Starting the Front-end GUI

Prerequisite

You need a pair of AWS Access Key ID and Secret Access Key. They may look like AKIAIOSFODNN7EXAMPLE and wJalrXUtnFEMI/K7MDENG/bPxRfiCYEXAMPLEKEY. Whether in a VM or natively, you must configure your AWS credentials so that the scripts can obtain the public IPs of your launched EC2 instances.

$ aws configure
AWS Access Key ID [None]: AKIAIOSFODNN7EXAMPLE
AWS Secret Access Key [None]: wJalrXUtnFEMI/K7MDENG/bPxRfiCYEXAMPLEKEY
Default region name [None]: us-west-2
Default output format [None]: json

And, of course, you will pay your own AWS bill.

Option 1: Use a VM (VirtualBox or KVM)

Download VirtualBox image (v19.02)* or KVM image and xml (v19.02)

Login: ubuntu / Password: ubuntu

# Configure AWS credentials as shown above
cd /home/ubuntu/hyperfind/eureka-yfcc100m
./start-search.sh

*Tested host: macOS 10.13.6 + VirtualBox 6.0; Ubuntu 18.04 + VirtualBox 6.0

Option 2: Native Installation

This is basically how the VM image is created.

  1. Install OpenDiamond.
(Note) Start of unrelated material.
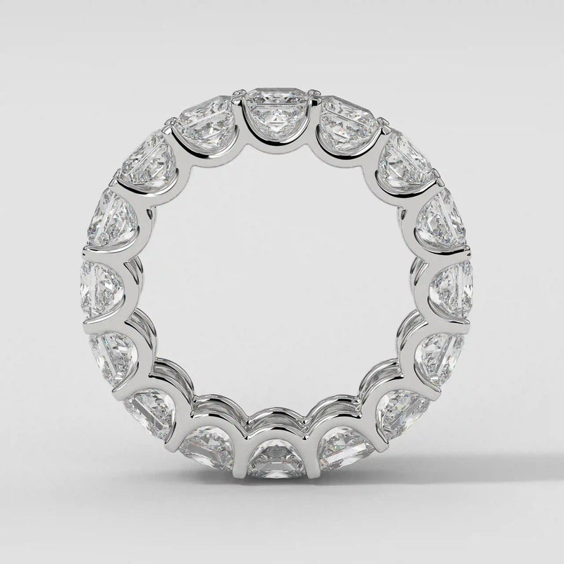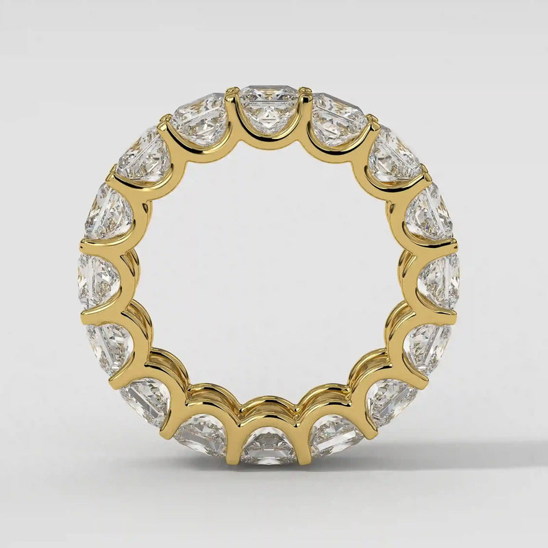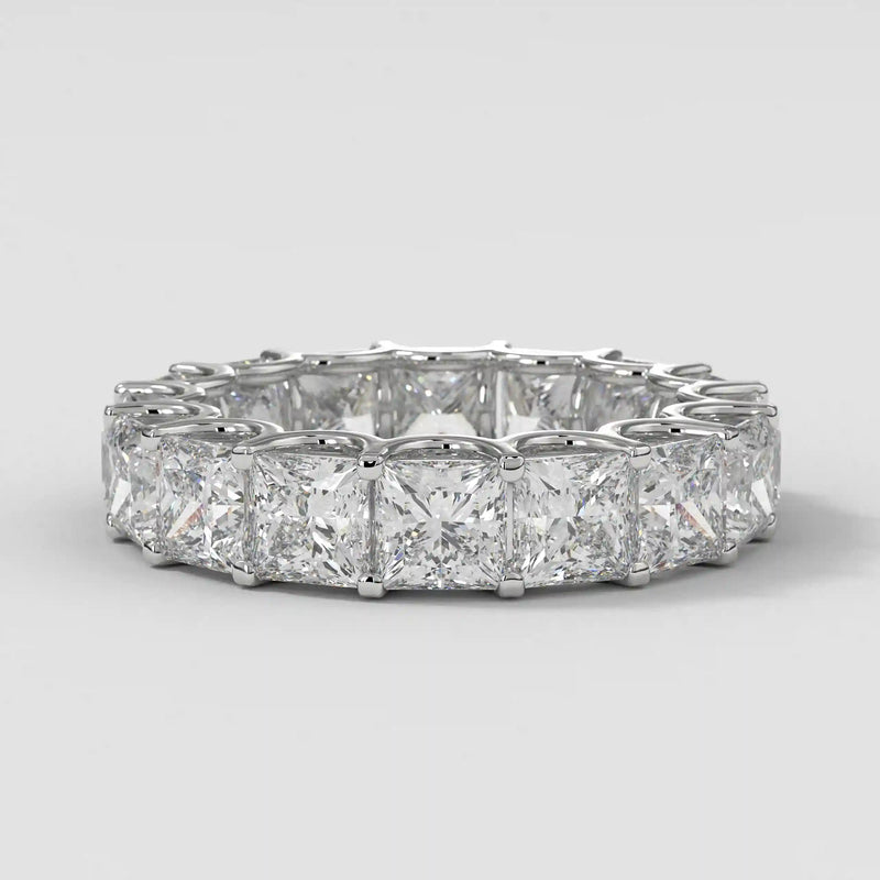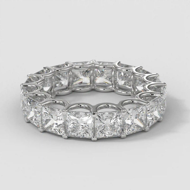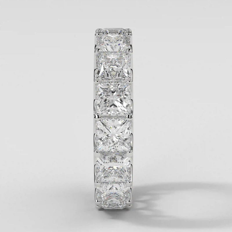 Discover the essence of luxury with The U Prong Princess Eternity Band, a stunning piece that seamlessly blends a luxurious design with a striking princess silhouette.

You need to at least have the executable cookiecutter from OpenDiamond functioning.
  2. Download and compile HyperFind. This is the front-end GUI.
  3. Install the AWS Command Line Interface
  4. Configure AWS credentials as mentioned above.
  5. Clone this repo in the directory where hyperfind.jar is located.
cd /path/to/hyperfind/dir/
git clone https://github.com/fzqneo/eureka-yfcc100m.git

As a result, the directory structure looks like:

/path/to/hyperfind/dir/
|-- build.xml
|-- bin/
    |-- edu/
        |-- cmu/
            |-- ...
|-- hyperfind.jar
|-- eureka-yfcc100m/    <------ this repo
    |-- README.md       <------ this file
    |-- ...
    |-- start-search.sh
    |-- ...
  1. Start the front-end GUI after you launch the EC2 back-ends
cd /path/to/hyperfind/dir/eureka-yfcc100m
./start-search.sh

Built-in Predicates

See Brief Descriptions of Built-in Predicates

Security and Privacy Risk

The pre-configured Eureka back-end in the AMI has turned off ScopeCookie verification. It means anyone who knows the IP addresses of your EC2 instances can use the GUI to connect to your machines and perform the search using them. Since YFCC100M is a public data set, the privacy risk should be minimal. To further reduce the risk, you can:

  1. Stop or Terminate your EC2 instances as soon as you are done with your search.
  2. Configure your inbound rules to only accept connections from your IP address/range.
  3. Turn on ScopeCookie verification. This requires a private key and certificate be set up on the front-end and the back-end, respectively. Contact me for how.

FAQ

The progress hangs, not moving forward.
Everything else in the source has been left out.